3.4 Performance on Imbalanced Datasets
To simulate the realistic scenario of scarce fault data for bevel gearboxes, several imbalanced datasets were constructed. The normal state was treated as the majority class with 50 samples. Different fault states were used as the minority class with a small number of samples, defining the imbalance ratio $k = N_{majority} / N_{minority}$. The performance was evaluated using standard imbalanced classification metrics: Accuracy, G-mean ($\sqrt{TPR \times TNR}$), and F-value ($\frac{2 \times TPR \times PPV}{TPR + PPV}$), where TPR is True Positive Rate, TNR is True Negative Rate, and PPV is Positive Predictive Value.
| Dataset | Minority Fault (Bevel Gear / Bearing) | Minority Samples | Imbalance Ratio (k) |
|---|---|---|---|
| A | Missing Tooth | 5 | 10.00 |
| B | Chipping | 10 | 5.00 |
| C | Crack | 15 | 3.33 |
| D | Inner Race Fault | 20 | 2.50 |
| E | Outer Race Fault | 25 | 2.00 |
The average G-mean and F-value over 10 trials for each model are presented below.
| Model | G-mean (%) on Imbalanced Datasets | ||||
|---|---|---|---|---|---|
| A (k=10) | B (k=5) | C (k=3.33) | D (k=2.5) | E (k=2.0) | |
| SVM | 91.41 | 92.23 | 97.54 | 88.77 | 93.17 |
| ELM | 92.88 | 94.57 | 96.16 | 98.29 | 97.89 |
| MMCCH | 92.18 | 95.96 | 96.58 | 98.99 | 97.98 |
| EDHD | 93.78 | 95.88 | 97.00 | 98.58 | 98.18 |
| MECHA | 92.52 | 92.75 | 87.19 | 92.96 | 91.32 |
| RICHC | 96.78 | 98.69 | 99.07 | 99.30 | 99.80 |
| Model | F-value (%) on Imbalanced Datasets | ||||
|---|---|---|---|---|---|
| A (k=10) | B (k=5) | C (k=3.33) | D (k=2.5) | E (k=2.0) | |
| SVM | 92.20 | 91.76 | 91.77 | 98.00 | 88.90 |
| ELM | 91.50 | 92.92 | 93.70 | 97.60 | 98.28 |
| MMCCH | 92.70 | 92.23 | 94.53 | 98.20 | 99.01 |
| EDHD | 93.70 | 93.76 | 96.41 | 98.01 | 98.59 |
| MECHA | 92.50 | 92.59 | 93.07 | 88.35 | 92.98 |
| RICHC | 96.80 | 96.79 | 98.90 | 99.27 | 99.30 |
RICHC achieves the highest G-mean and F-value across all imbalance ratios. Its performance remains exceptionally high even at the most challenging imbalance ratio of k=10, demonstrating the effectiveness of the adaptive scaling strategy in handling the class imbalance problem inherent in fault diagnosis for bevel gearboxes.
4. Conclusion
This work presented a Robustness Imbalanced Convex Hull-based Classification (RICHC) model specifically designed to address the key practical challenges in intelligent fault diagnosis for bevel gearboxes. The two core innovations are the integration of a confidence weighting function and an adaptive hull scaling strategy.

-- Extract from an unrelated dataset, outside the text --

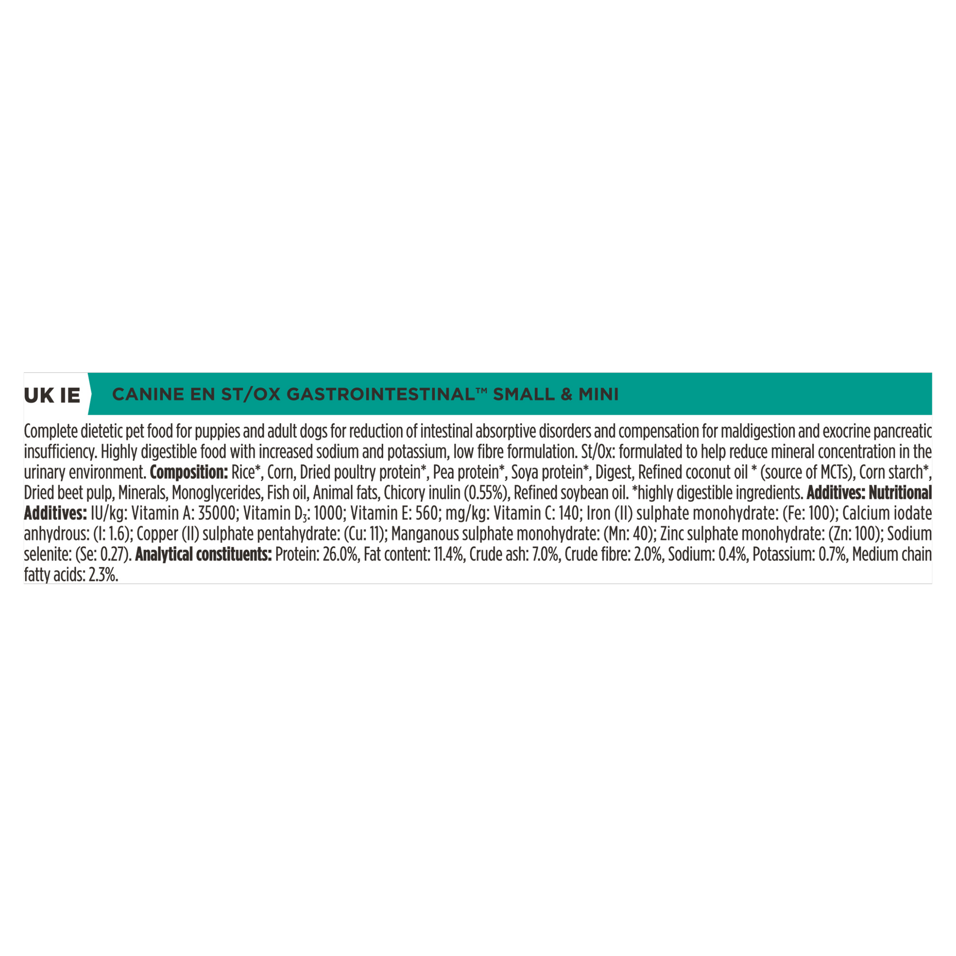 A complete dietetic dry dog food diet for the reduction of intestinal absorptive disorders, compensation for maldigestion and exocrine pancreatic insufficiency in small & mini dogs of all ages. Formulated with easy to digest ingredients to promote faecal quality and an easy to absorb fat source high in Medium Chain Triglycerides (MCTs). Added prebiotic to improve microbiome balance and digestive health. It also has a great taste. This is a dietetic product that should always be fed under veterinary supervision.

The confidence weighting mechanism significantly enhances model robustness. By assigning lower weights to samples that are potential outliers or heavily corrupted by noise, based on their distance from the class centroid, the RICHC model constructs tighter and more accurate convex hull boundaries. Experimental results on bevel gearbox data under strong noise (0 dB SNR) and significant label contamination confirm its superior anti-interference capability compared to state-of-the-art methods.

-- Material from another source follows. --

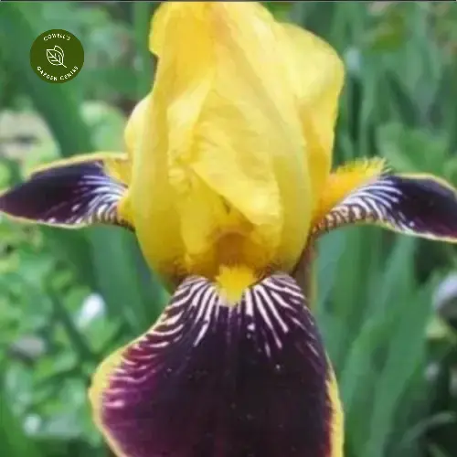 - Golden yellow standards with deep purple falls edged in yellow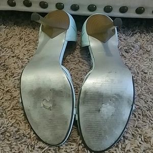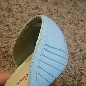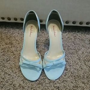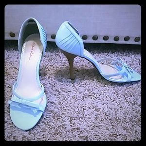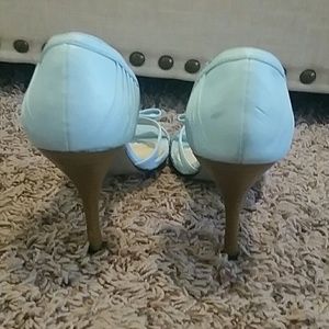 Pastel blue open to heel with cute bow detail. Heel is 4 inches long from floor to base of shoe. Small defect as shown in last two photos.

The adaptive scaling strategy effectively mitigates the classifier bias caused by imbalanced training data, a common situation when fault samples for bevel gears are scarce. By dynamically adjusting the expansion and shrinkage of the convex hulls based on the relative sample sizes of the classes, the model finds a more equitable and accurate separating hyperplane. Validation on datasets with high imbalance ratios shows that RICHC maintains excellent diagnostic performance where other models degrade.

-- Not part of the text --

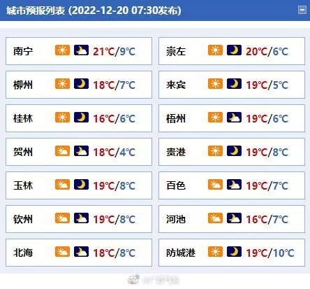 预计三天内广西为晴到多云天气,这些地区有冰冻或霜冻

In summary, the proposed RICHC model offers a comprehensive solution that combines high diagnostic accuracy, strong robustness against real-world signal impurities, and effective handling of class imbalance. This makes it a highly suitable and reliable approach for the intelligent fault diagnosis of critical components like bevel gearboxes in industrial applications.